Julio la guardò accigliato, «Ho parlato appena due minuti con Nicolas.»
«Sì, questo l'ho visto, c'ho gli occhi se non te ne fossi accorto.» sbuffò tirando i capelli in una coda alta, «Che poi, francamente, sembrava più che lo stessi minacciando»
«No, non proprio. Ci ho parlato per quello che ha detto di te in classe.»
Martina spostò gli occhi dallo specchietto retrovisore in cui stava valutando come fosse uscita l'acconciatura. Julio avviò il motore, evitando in ogni modo di girarsi per non essere vittima della sua furia. Ma sapeva che non sarebbe bastato. Sentiva già gli occhi assassini di lei addosso, assottigliati per sembrare più minacciosa. Stava per sganciare la bomba.
«Tu cosa? Come cazzo ti sei permesso?» sbraitò. Era già partita, le parole dette a macchinetta e il veleno in ognuna di esse. «Julio ti sei bevuto il cervello! Ti sei totalmente bevuto quel fottuto cervello malandato che avevi!»
«Ho chiarito con lui. Non dirà più nulla del genere di te, non ci proverà nemmeno. Me lo ha promesso.» alzò le spalle, tranquillo, «Sarà meglio per lui.»
«No Julio, no!»
«Cosa c'è Martina?» mormorò picchiando la mano sul volante. Gli occhi erano puntati davanti a sé, assottigliati in un'espressione dura.

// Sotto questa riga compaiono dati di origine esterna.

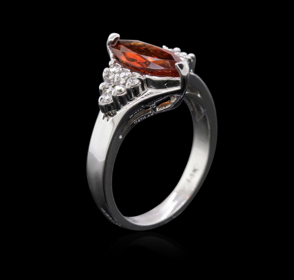 One electronically tested 14KT white gold ladies combination cast & assembled garnet and diamond ring with a flat shank with a bright polish finish. Identified with markings of "14KT". Condition is new. Containing: One prong set marquise modified step cut natural malaya garnet, measuring 12.00 x 5.60 x 3.64mm, approximate weight of 1.78ct., clarity is slightly included, type II, medium, moderately strong, orange color, (GIA O 5/4), cut is good. Twelve prong set round brilliant cut diamonds, measuring 1.30 - 1.30 x 0.78mm (depth est.) approximate total weight of 12 Stones = 0.10ct. Clarity: SI-2 to I-1. Color: I - J, Cut is Good. All diamonds and colored gemstones are graded in the mounting, unless otherwise stated. Colored gemstones are presumed to have been subjected to commonly used enhancement processes. Total Weight of Colored Stones 1.78ct. Total Weight of Diamonds 0.10ct. Total Weight of Ring 5.40 grams. GGL Appraised at $3,070.00.

«Julio non ho bisogno che tu mi faccia da baby-sitter, e cazzo non mi serve qualcuno che mi pari le spalle. Non farlo mai più. Mai più! Intesi?»
Sospirò, rimastoci quasi male, «Cos'è esattamente che ho fatto di male?»
«Io non dipendo da nessuno. Non voglio. Chiaro?»
«Ma, porca puttana, hai sentito quello che diceva? Nicolas può essere anche mio amico ma delle volte sembra solo un verme viscido. Ti giuro mi sono trattenuto dal pestarlo in classe, ma la prossima volta non la passerà liscia.»
«Stai blaterando cose senza senso», ora il tono di Martina era più pacato ma rimaneva di ghiaccio e incazzato, «E' perché sono venuta a letto con te? Facciamo sesso una notte e pensi di poterti comportare come fidanzato psicopatico!»
«E questo che vuoi? Che ammetta di essere geloso?» sferrò un pugno sul volante e accostò bruscamente «Be', quando Nicolas ha detto quelle cose di te non ero geloso... ero nero.» ammise seppure avesse usato un tono duro, «La verità, Martina, e che il mio cervello va a puttane quando si tratta di te» passò la mano tra i capelli per tirarseli indietro, con una forza eccessiva. «Le tue labbra, il tuo corpo, persino il tuo caratteraccio, mi mandano in tilt.» fece salire un dito dalla coscia di Martina fin su, con il pollice le premette le labbra.
Echeggiò il silenzio per un po', sul viso di Martina si dipinse un sorriso. Non era un sorriso di chi si aspettasse quelle parole e neppure di una ragazza eccitata di sentire quella che poteva sembrare qualcosa simile ad una dichiarazione. Il sorriso era beffardo, aveva un qualcosa di perverso.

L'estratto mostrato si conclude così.